Madonna’s provocative pokes at religion were some of the most mesmerizing segments of the concert.

Stylized crosses rose from the stage floor as a congregation of nuns who seemed to have left the lower parts of their habits behind at the convent strutted around before performing some seriously erotic and bawdy pole-dancing to the tune of “Holy Water,” with Madonna herself showing off some pole flourish towards the end of the song.

While everyone ogled the “nuns” in black-and-white veils, lacy panties and satin black bras, an elaborate staging of the Last Supper was assembled at center stage, the setting for “Devil’s Prayer.”

It is often overlooked, but Madonna shines generous light on the discipline of dance. The Rebel Heart Tour’s dance sequels were enthralling and showed imaginative choreography and the remarkable athleticism, grace and confident swagger of the singer’s dancers.

A portion that featured a long strip of white cloth blown about by several electric fans while a soloist strutted, moon-walked, tutted and twirled around on his back presented a softer and more fluid expression of street style. Inclined flooring was the stage for several jaw-dropping dance moves, including one segment that had dancers in poetic foreplay while in bed.

The Queen revealed a bit of herself during the show. She seemed a bit disappointed as she muttered something like “so you really just want me to sweat this,” before disappearing for another costume change.

She’s funny, too. She asked the audience if they forgot to charge their batteries because in other countries, “they turned on their flashlights when I played that song. Just saying,” she jested.

Most of all, the show revealed the artist’s generosity in giving her fans everything that she’s got. It was almost one o’clock in the morning when the giant screen flashed a hand-scrawled note, “Bye Bitches!!!”  

Madonna returned for an encore to sing “Holiday” with a Philippine flag draped around her. There were feeble clamors for one last song as the artist disappeared behind the stage and the arena was cleared of fans in a blink right after.

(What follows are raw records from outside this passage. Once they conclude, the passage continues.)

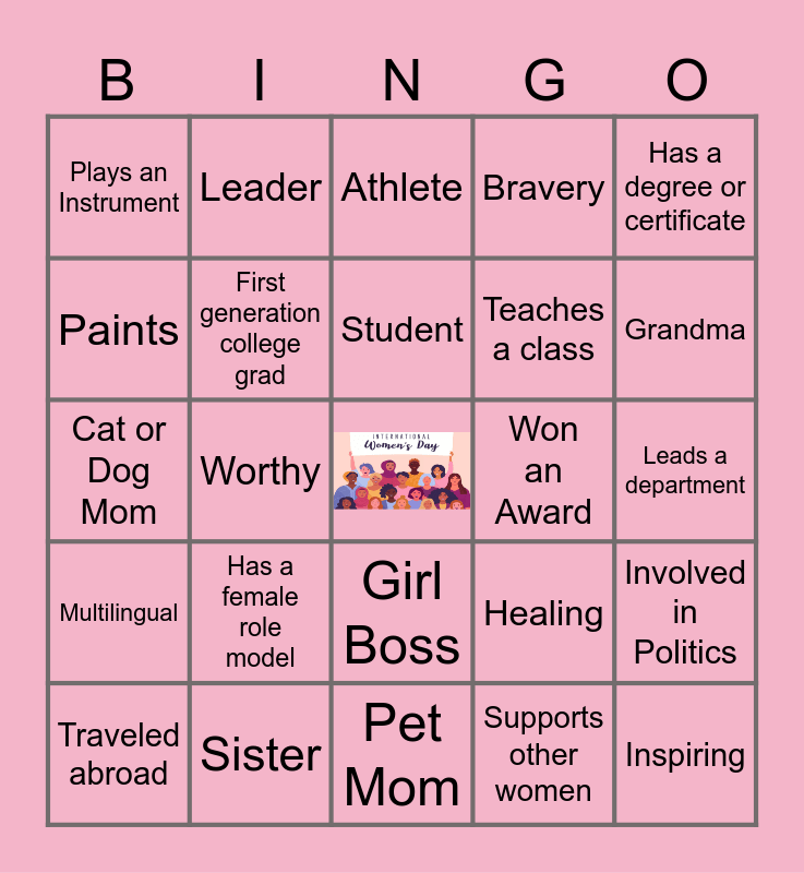 This bingo card has a free space and 29 words: Mom, Sister, Athlete, Queen, Has a degree or certificate, Plays an Instrument, First generation college grad, Student, Won an Award, Involved in Politics, Traveled abroad, Worthy, Supports other women, Inspiring, Cat or Dog Mom, Self Love, Pet Mom, Healing, Grandma, Multilingual, Has a female role model, Awesome aunt, Teaches a class, Leads a department, Paints, Leader, Girl Boss, Bravery and Strength.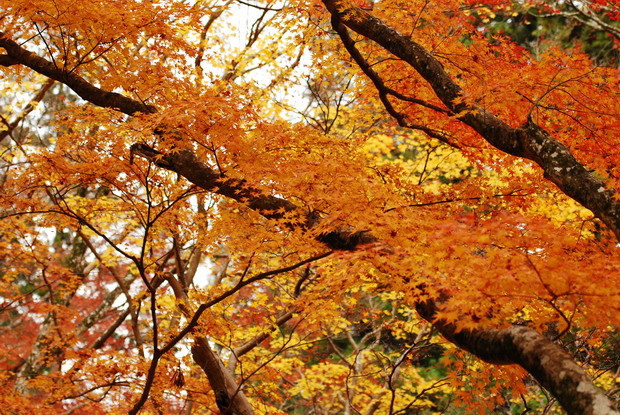 但是還有殘留尚未掉落的黃葉與紅葉,搭配著枯枝,
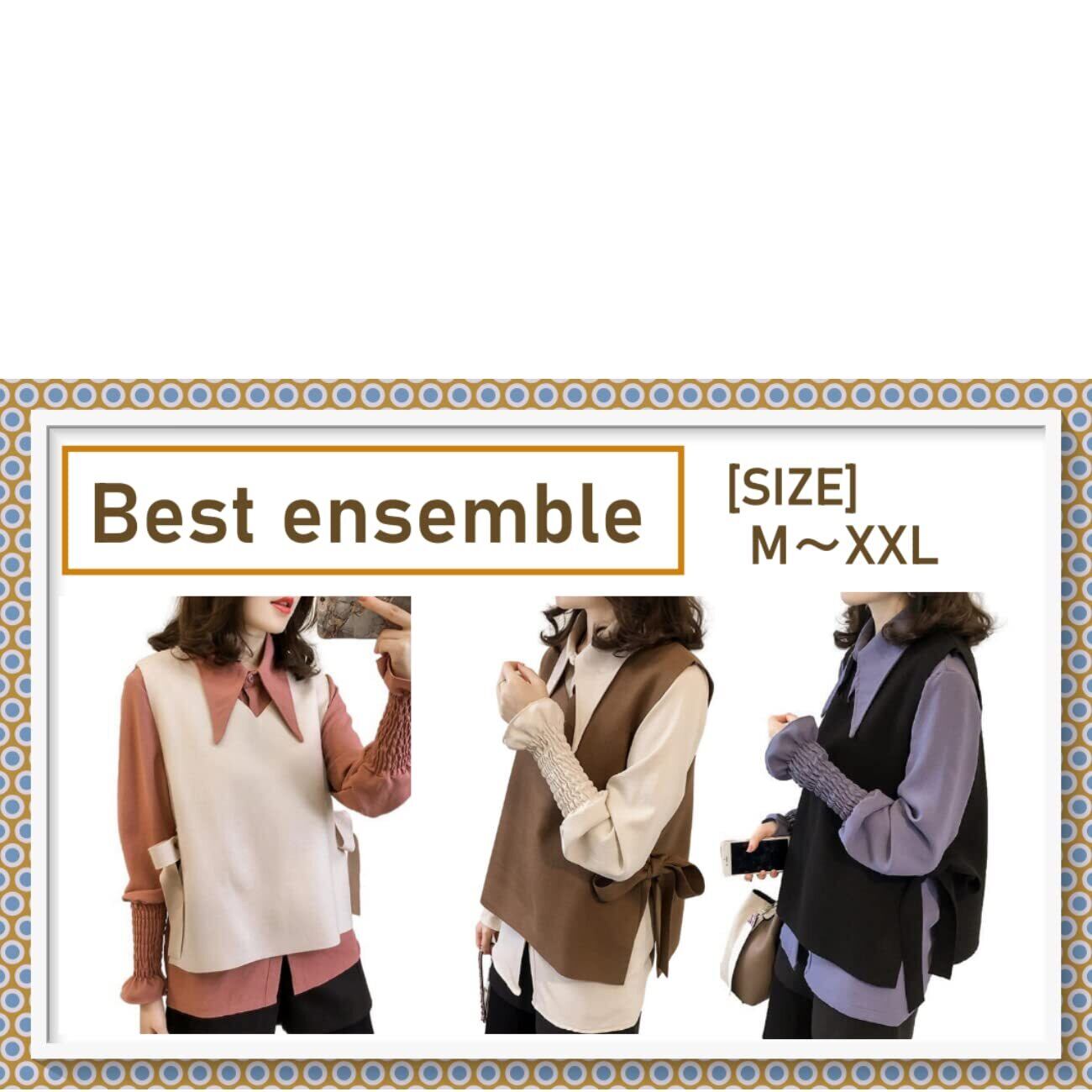 マンネリしがちなコーデのアクセントになるベストアンサンブル。 サイドのリボンは結んでも垂らしても その日の気分に合わせて変化を楽しめる優秀アイテム◎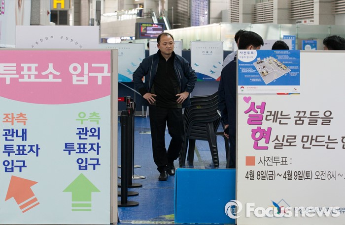 (인천공항=포커스뉴스) 제20대 국회의원 선거 사전투표를 하루 앞둔 7일 오후 인천국제공항 출국장에서 인천 선거관리위원회 관계자들이 사전투표소를 설치하고 있다.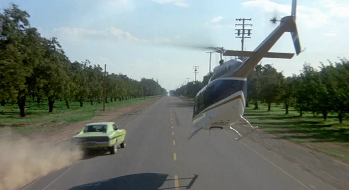 For the majority of their evasion, Larry is wheeling one of the baddest ’69 Dodge Chargers you’ve ever seen! Bright yellow and stolen, are the only two things that seem to matter about the car. Because, it has more than enough power to do anything he wants it to – whether that’s drifting it around city streets or racing a helicopter through an orchard, it just makes you want to get behind the wheel and give it a go. Until he meets his untimely death, that is. Fonda and his cohorts crash that wicked Charger right into an oncoming train.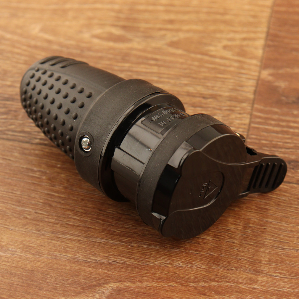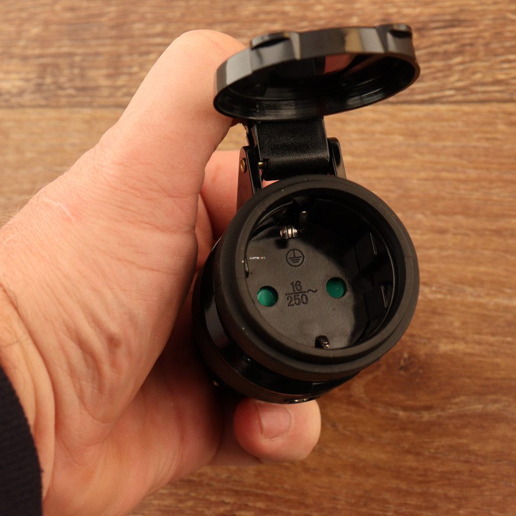 Priză pivotantă, cu împământare, cu capac, negru (16A)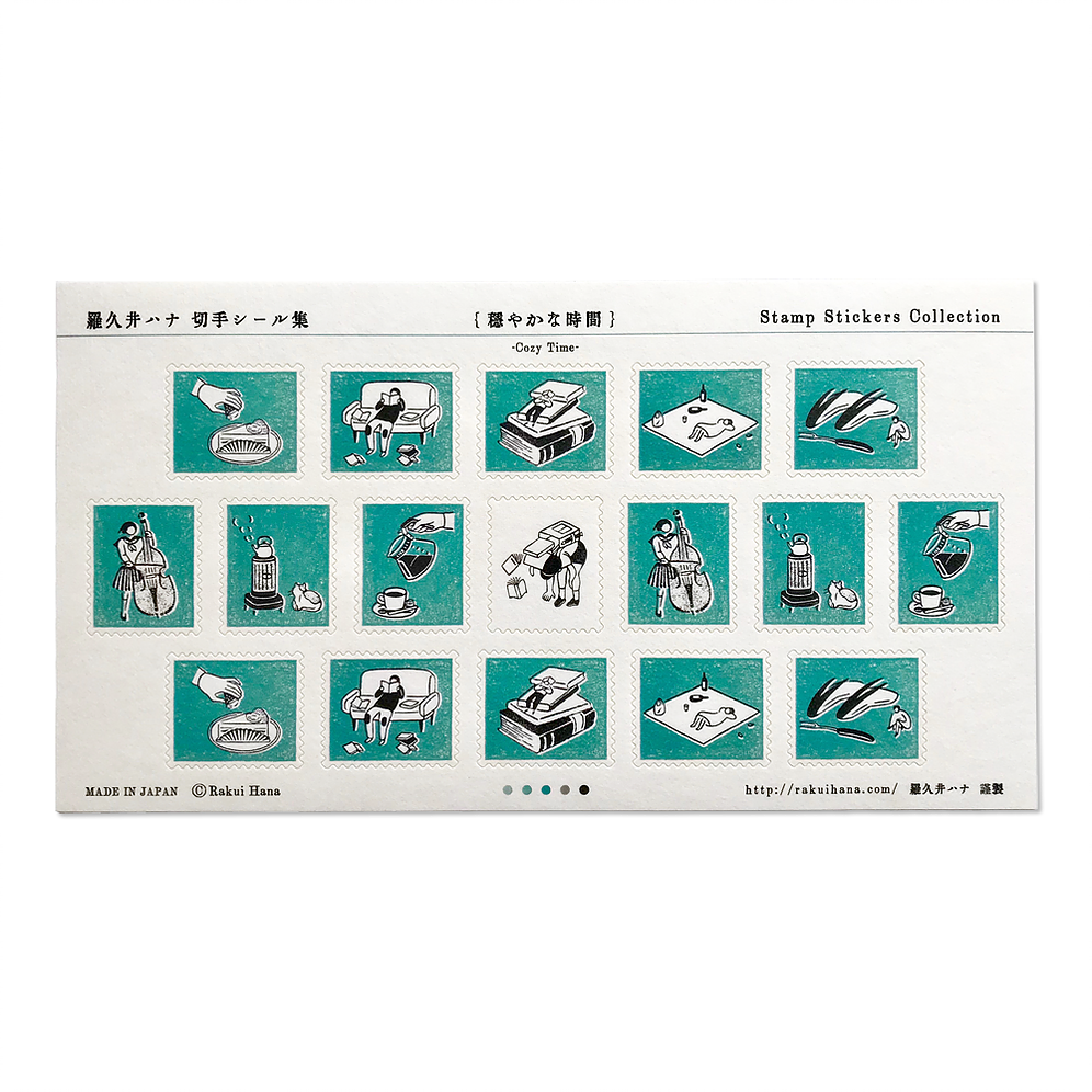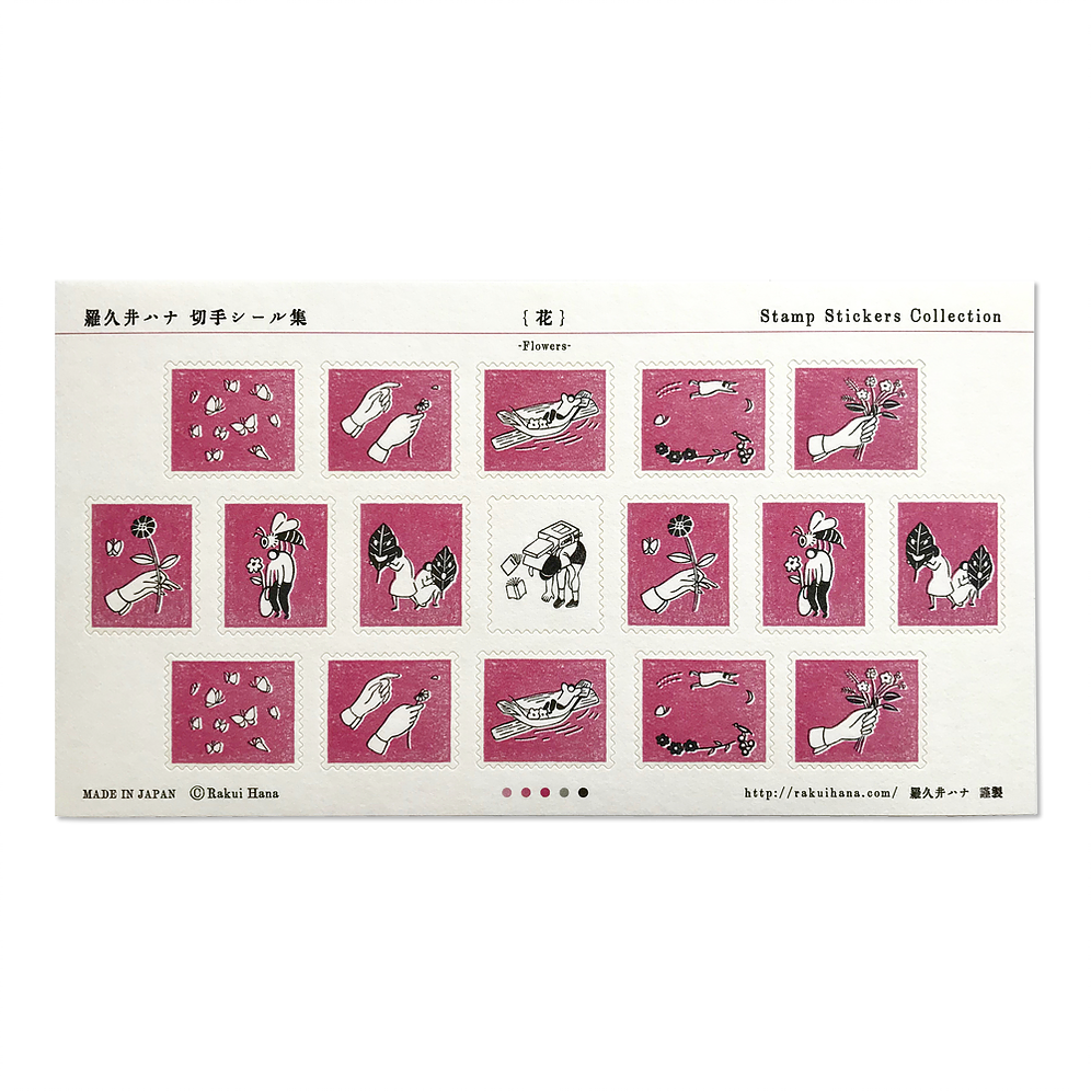 Rakui Hana is a designer of rubber and adhesive stamps. These adhesive stickers are in the shape of a stamp and add a playful decorative element to your gift wrapped parcels and hand written posted cards.

Some from that night’s audience may have gone home disappointed, expecting more of the hits from their youth. The songs from the new album display the singer’s more current sound with its lush (chaotic, for some critics) layers of varied influences and forays into different instrumentation. Rebel Heart wasn’t designed to be a nostalgia trip. It was about Madonna’s own journey with the artist taking her fans through her music, then and now.